Proper Winter Hay Storage

Emily Glunk Montana State Forage ExtensionBy Dr. Emily Glunk, MSU Extension Forage Specialist

There have been a lot of questions lately concerning how to properly store hay over the winter. The main goal with winter storage is to maintain quality and decrease any dry matter losses that we might incur. Minimizing exposure to the winter elements, especially precipitation which can decrease both hay quantity and quality, is our top priority.

Hay is the most common feeding option during winter, as it is less risky than other options such as stockpiling, and we know how much, or rather how long, our stores will last. However, not only is it important to have enough tonnage to support our herd, but also that we are maintaining the quality of our hay throughout the season.

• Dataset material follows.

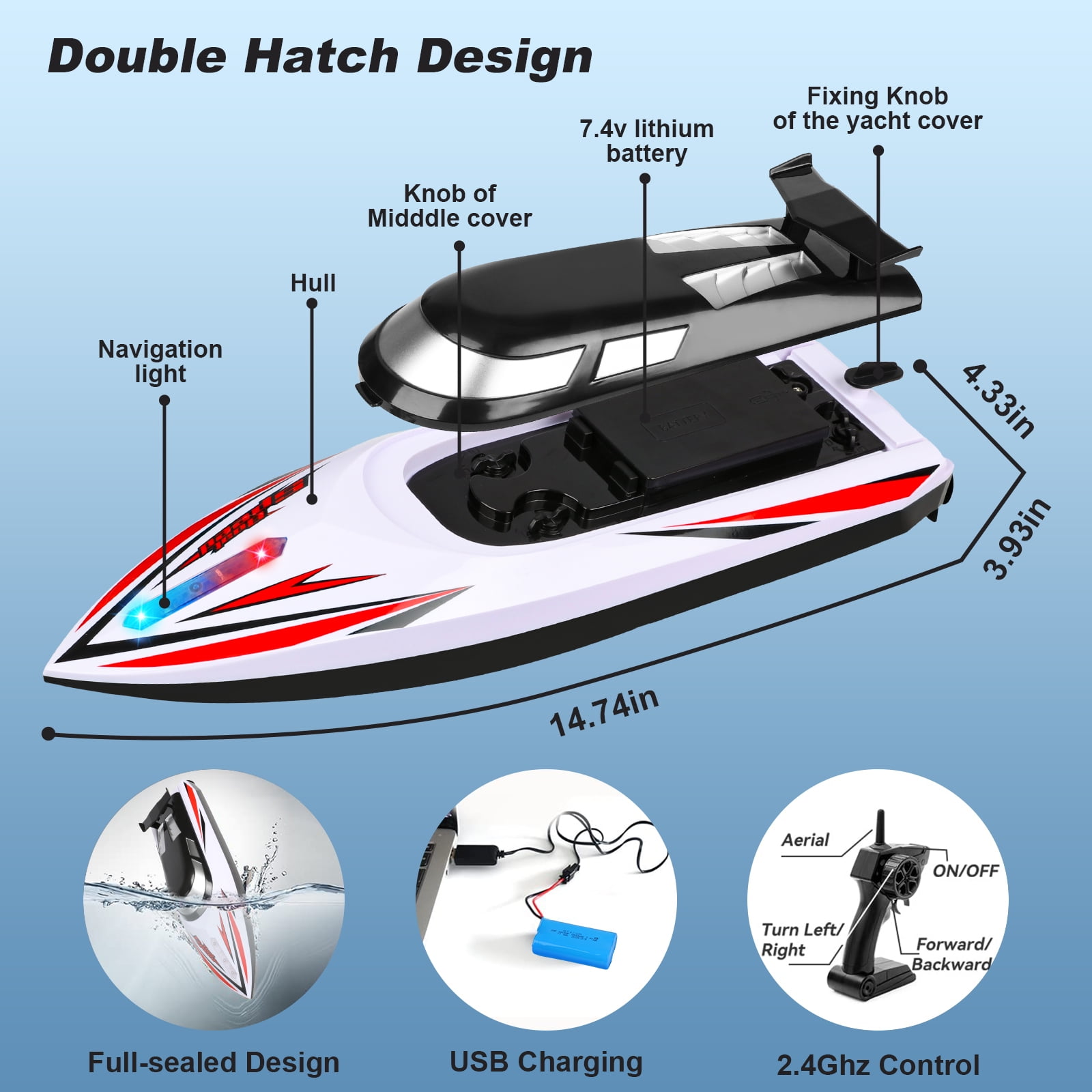 The High Speed RC Boats adopts streamlined shell design and precise structure to ensure high-speed driving, providing a fun and exciting experience for children and adults over 8 years old. Kids can throw themselves into a speed race during summer and holidays. High-quality rowing boats and exquisite packaging are perfect gifts for kids, adults on birthdays, summer days, holidays.

The ideal storage for hay is inside, out of the elements, in a well-ventilated structure, whether this be a barn, shed, or a pole structure. Unfortunately, in Montana this is often not possible. So next we need to decide what are some other feasible methods of decreasing exposure to the elements. Leaving hay outside completely uncovered increases dry matter losses, ranging anywhere from 5-40% dry matter loss. Quality is also decreased, with some of the water soluble nutrients, like water-soluble carbohydrates, potentially leaching from the hay. This can decrease the overall energy available from the forage. Other components, such as nitrates, can move within the hay stack, and become concentrated in the lower bales, creating a potentially toxic feed for our animals.

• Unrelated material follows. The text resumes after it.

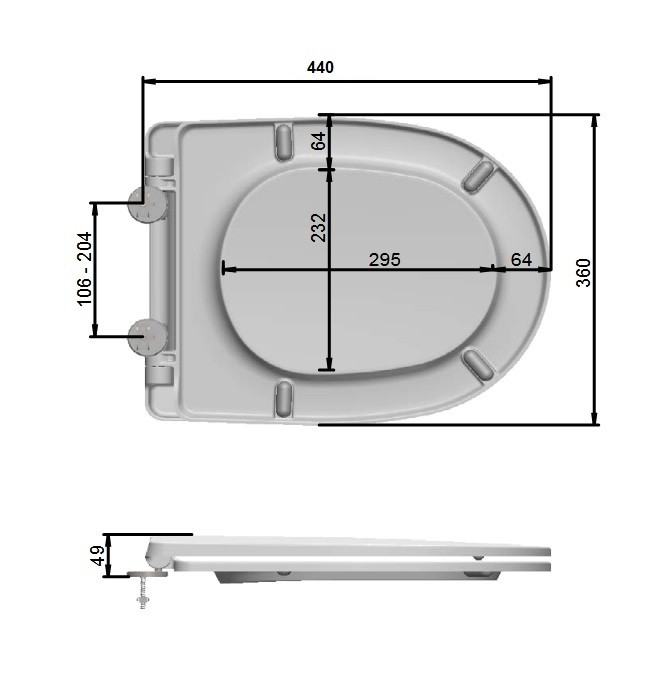 - Komfort – amortyzatory zamontowane przy obu zawiasach deski umożliwiają szybkie wypinanie na zasadzie zatrzasku oraz powodują wolne opadanie tak pokrywy jak i siedziska.

Regardless of bale size and shape, it is advised to keep the forage off of the ground. Whether you stack it on pallets, fence posts, or even a well-drained gravel base, this will help to minimize loss. Storing bales on bare ground can cause an estimated 5-20% loss in dry matter, which can add up pretty quickly and account for over half of total dry matter losses. Even if the ground immediately below the hay is not receiving moisture, the surrounding soil is, which will leach into the soils directly underneath the hay stack. It is common to see molding occur on the lower bales due to direct contact with wet soils. The same sort of issues can occur even on concrete floors, as concrete is great at absorbing moisture, so make sure to keep this in mind even if your hay is being stored under a shelter.

Covering the tops of bales with something such as a large tarp or water-resistant canvas will help to divert moisture away from the stack. Make sure that there is some overhang of the tarp over the side of the stack, so that lower bales are not accumulating moisture. If bales are not going to be covered, it is advised to keep stacks small, as water from upper bales will penetrate directly into lower bales, increasing the number of damaged bales.

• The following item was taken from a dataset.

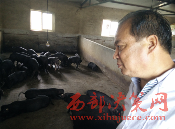 面對山區(qū)群眾種植單一,產(chǎn)業(yè)發(fā)展后勁不足的問題,老何和工作隊員們一起,深入調(diào)查研究,積極探索,提出了“龍頭企業(yè)+合作社+基地+貧困戶”的產(chǎn)業(yè)扶貧模式,決定在背陰村發(fā)展黑豬養(yǎng)殖。目標定了,關(guān)鍵在落實。為此,老何積極奔走在合作社、龍頭企業(yè)之間,穿梭在群眾家中給貧困戶鼓勁加油、說服群眾搞養(yǎng)殖,為實現(xiàn)“龍頭企業(yè)+合作社+基地+貧困戶”的產(chǎn)業(yè)扶貧模式發(fā)揮了橋梁紐帶作用,實現(xiàn)各方的滿意。一切就緒,只等豬仔到位。老何第一時間趕到榆林聯(lián)系豬仔,連夜拉回了帶著致富夢想的關(guān)中黑豬300余頭。拉回黑豬已經(jīng)是凌晨五點了,他激動的在朋友圈給群眾送上這一好消息。2016年5月12日,也就是拉回黑豬的五個小時后,耀州區(qū)〝惠民一卡通〞扶貧貼息貸款發(fā)放儀式暨產(chǎn)業(yè)脫貧工作推進會瑤曲鎮(zhèn)背陰村召開,李志強副市長出席了會議,并在講話中高度肯定了耀州區(qū)精準扶貧工作,尤其對耀州區(qū)財政局在產(chǎn)業(yè)扶貧,精準脫貧方面的工作和創(chuàng)新模式給予高度評價。這一天300頭關(guān)中黑豬幼崽投放背陰村養(yǎng)殖基地,標志著關(guān)中黑豬正式在背陰村扎根落戶,成為貧困戶增收致富的希望所在,預(yù)計每頭黑豬要群眾增收 2000多元,帶頭50多戶群眾當年實現(xiàn)脫貧。在發(fā)放儀式結(jié)束后,老何和他帶領(lǐng)的扶貧隊員指導(dǎo)貧困戶養(yǎng)殖黑豬的致富之路才邁出了第一步。為此,積極協(xié)調(diào)鎮(zhèn)村兩級、石羊集團、雙富專業(yè)合作社,指導(dǎo)養(yǎng)殖技術(shù),簽訂購銷合同,爭取財政惠民補貼一卡通扶貧貼息貸款,為貧困戶養(yǎng)殖黑豬致富脫貧提供全過程、全方位的服務(wù)。經(jīng)??匆娝纳碛俺霈F(xiàn)在背陰村的群眾家中,出現(xiàn)在黑豬養(yǎng)殖的圈舍里,特別是穿著白大褂指導(dǎo)群眾養(yǎng)殖黑豬技術(shù)的樣子是那么用心、那么的專注。

Ventilation is really important in continuing the drying process after bales become wet. For example, it is best to keep round bales in single layers placed end-to-end, with several feet in between rows to increase air flow and circulation around all bales. Bale density is also really important. The tighter the bale, the better it will be able to withstand winter precipitation and damage. Loosely-packed bales will “pick up” more moisture, and it will penetrate throughout more of a bale than a densely-packed bale.

Wrapping round bales will help to significantly decrease any quality and yield losses from winter storage if the equipment and resources are available. A study found that six layers of plastic wrap is ideal, as it is the optimal trade-off between money spent on wrapping and amount of hay lost to the elements.

Proper storage of your hay is really important in ensuring that your animals will have enough roughage to get through the cold winter months. Decreasing exposure to the elements is the most important factor, and minimizing the number of bales that are exposed to the winter elements will help to minimize total quality and yield losses.